In Table 2 the performance aligns with ensemble models reported by Hasan et al. (2023) (95.5 %), Fergus et al. (2018) (87–95 %), and Ferreira et al. (2024) (~94 %). While deep neural networks may yield slightly higher accuracies in large datasets (Karaci, 2021), ensemble methods balance accuracy with interpretability, making them better suited to hospital decision-support systems (Bennett et al., 2025; Kolli et al., 2023). Our moderate performance gap is attributable to using a single-center, unrefined dataset, yet the stacking configuration still delivered statistically significant improvement over base models (p < 0.05).
Consistent with the mini-review, placenta previa and a previous C-section were the dominant predictors. These correspond to direct surgical indications and align with existing obstetric guidelines. Secondary predictors, such as blood sugar, blood pressure, and gravidity, reflect physiological stressors that often precede surgical intervention. For clinicians, these relationships quantify risk and enhance individualized patient counseling and delivery planning.
This model uses only routine antenatal data and can be embedded in hospital information systems or in a lightweight, offline desktop tool. Such integration supports early identification of high-risk pregnancies without requiring complex sensors or imaging devices. Periodic retraining on new cases will improve accuracy, ensuring sustainable, context-appropriate clinical decision support.
Single-hospital data restricts generalization.
Potential hidden biases in retrospective records.
Lack of external validation.
Marginal improvement over simpler models warrants further optimization.
This study developed and validated a Stacking Ensemble Machine Learning Model for predicting Caesarean-section delivery using a real-world dataset from Yusuf Dantsoho Memorial Hospital in Kaduna, Nigeria.
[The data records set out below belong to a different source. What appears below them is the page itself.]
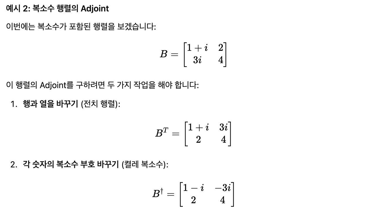 이를 이용하여, 복소수 행렬에서 adjoint를 구하는 예시는 아래 과정과 같다.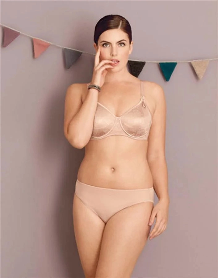 Elegantná béžová dámska podprsenka s vytvarovanými košíčkami s gélovými vypchávkami, ktoré krásne na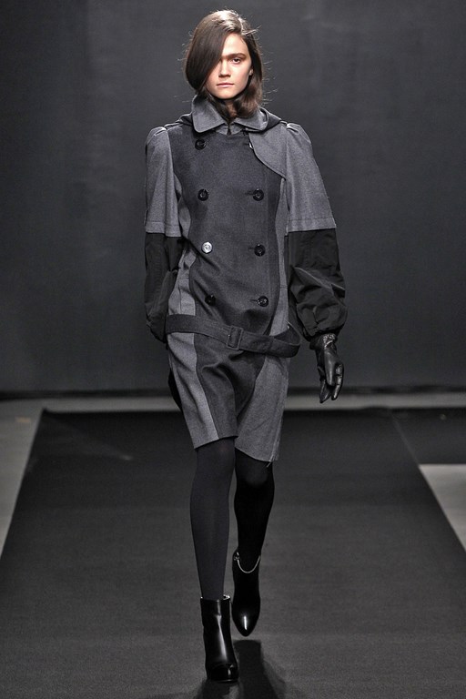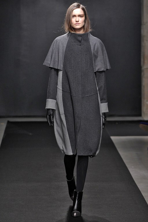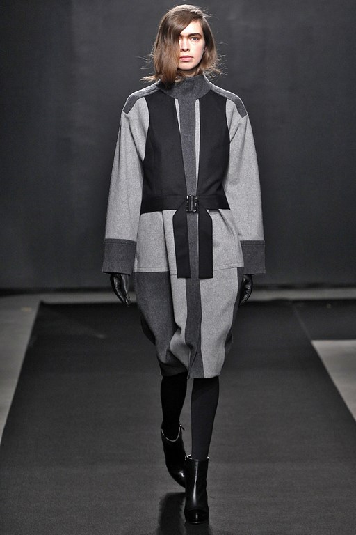 Les premiers passages font la part belle au noir et blanc façon géométrie avec des jeux de matières où l’angora côtoie drap de laine et néoprène.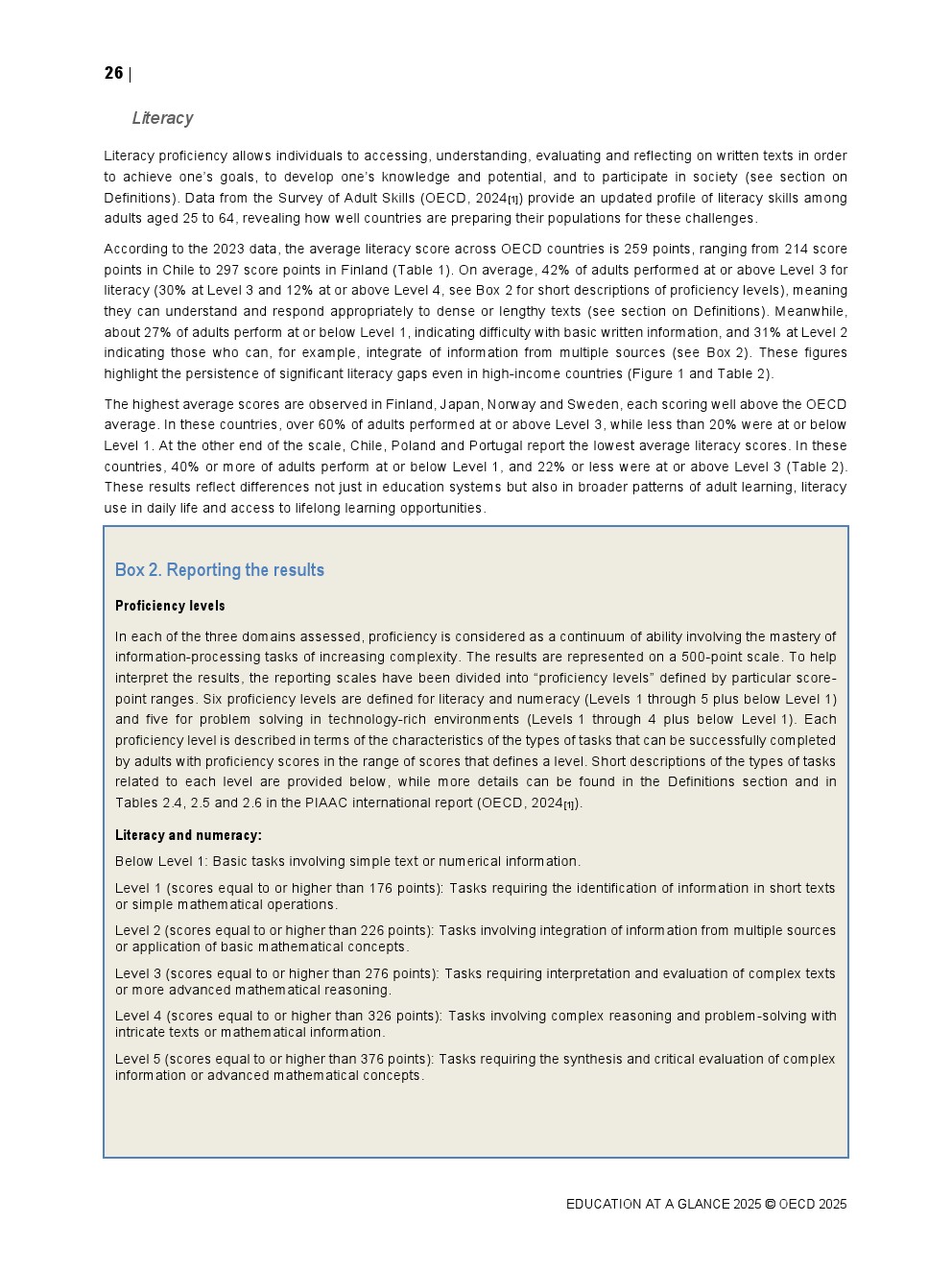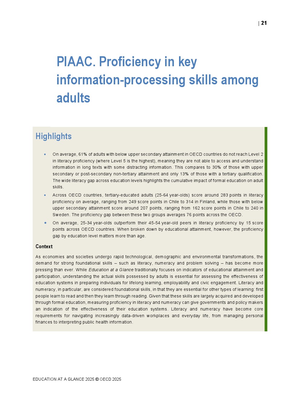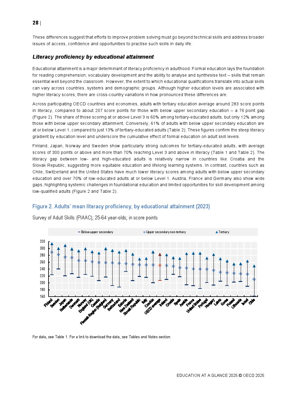 尽管完成率和毕业率提供了关于教育体系绩效的宝贵信息,但让学习者掌握相关技能最终更为重要。尽管教育完成率在上升,但在2012年至2023年间,大多数经合组织国家成年人的读写和计算能力却停滞不前或下降,经合组织国家中有相当大比例的成年人口技能水平低下。这强调,仅仅扩大教育机会是不够的;教育体系还必须确保学习者培养他们茁壮成长所需的技能。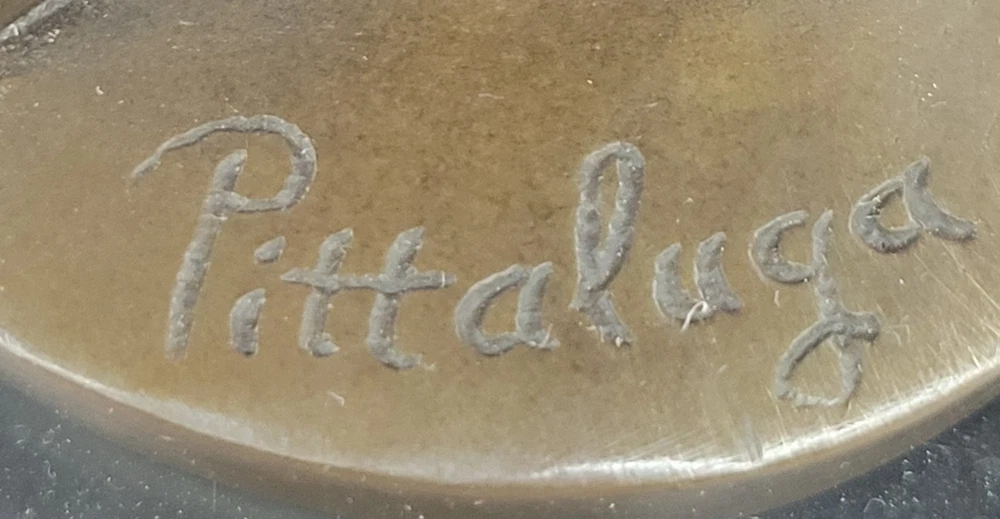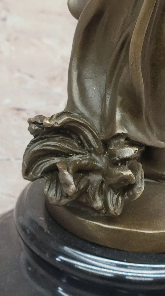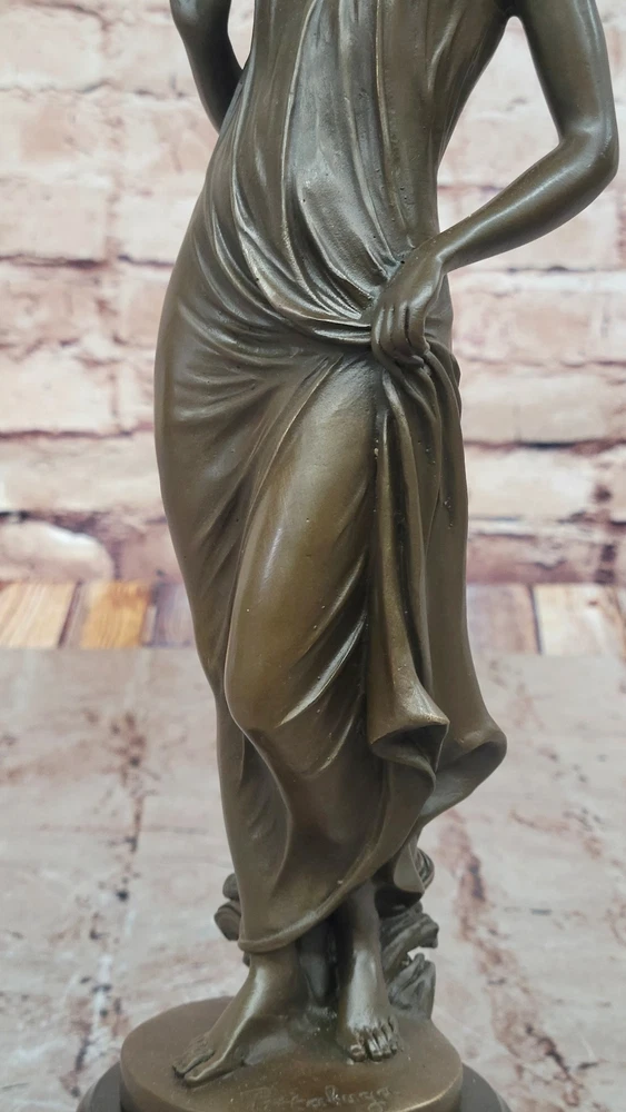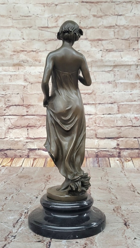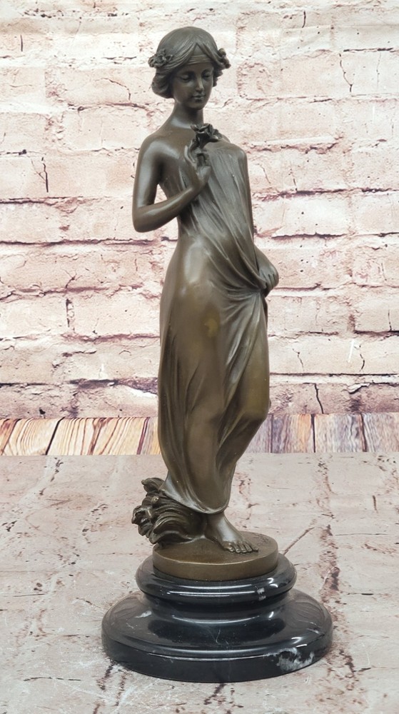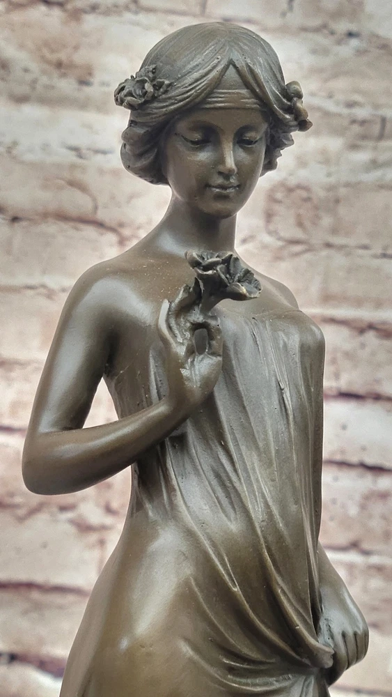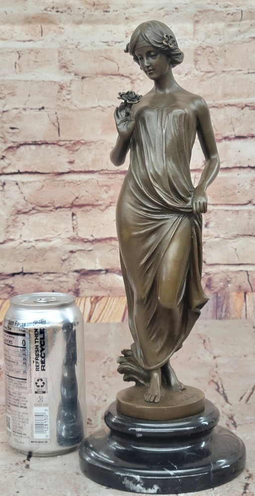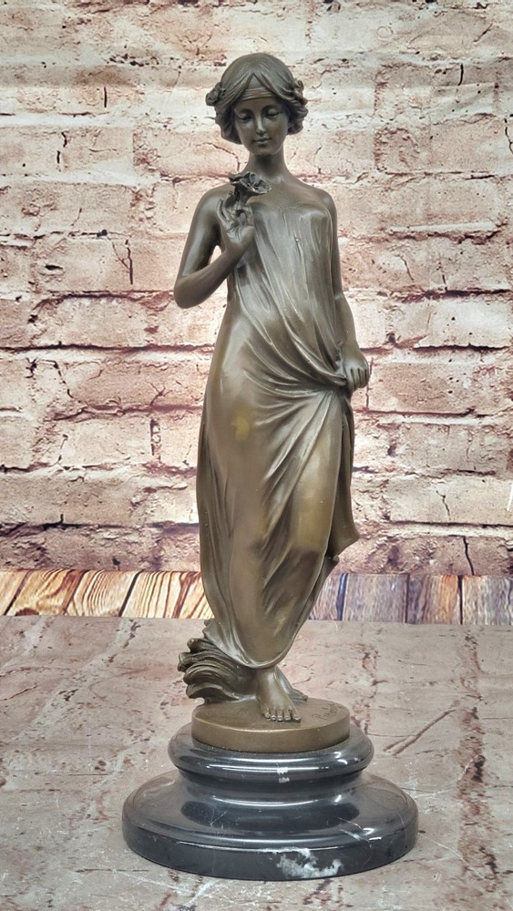 Condition : This sculpture is in perfect condition. Bronze Dimensions with Marble Base: Height 13.5" X Width 5" Marble Dimensions: Diameter 5" Height without base:12" Weight:7 LBS Inventory:23EP8965332 In this enchanting bronze sculpture, we are transported into a moment of quiet contemplation and gentle allure. The young lady depicted in this artwork stands poised, her gaze fixed lovingly upon a delicate flower held delicately in her hand. There's a sense of anticipation and quiet joy in her expression, hinting at the possibility of a cherished gift from an admirer. Her attire, an elegant and figure-hugging gown, adds to the overall sense of sophistication and grace. Crafted with meticulous attention to detail using the lost wax method, this sculpture is a testament to the artist's skill and dedication. The lost wax technique allows for the precise rendering of intricate features, from the gentle folds of the lady's gown to the subtle nuances of her expression. The sculpture is mounted gracefully on a sleek black marble base, adding an element of timelessness and refinement to the piece. The artist, Pittalage, has left their signature on this masterpiece, signifying its quality and artistic merit. This sculpture captures a timeless moment of beauty, elegance, and contemplation, making it an exceptional addition to any art collection. Whether you're an art enthusiast or simply appreciate the finer things in life, this bronze artwork invites you to immerse yourself in a world of grace and charm. Signed Artwork Girl Flower Bronze Sculpture Art Deco Marble Base Figurine Decor Video will open in a new window Using the eBay App? Paste link into a browser window: [isdntekvideo]

The model achieved strong performance (accuracy = 86.7%, recall = 0.91) and demonstrated that ensemble learning can effectively predict C-section risk using routine clinical variables such as placenta previa, prior C-sections, maternal age, and gravidity. By focusing on interpretable, routinely collected features, the model offers a practical, scalable approach to clinical decision support in low-resource environments. The findings not only align with global research showing the strength of ensemble methods but also provide locally validated evidence for predictive obstetric modeling in Nigeria.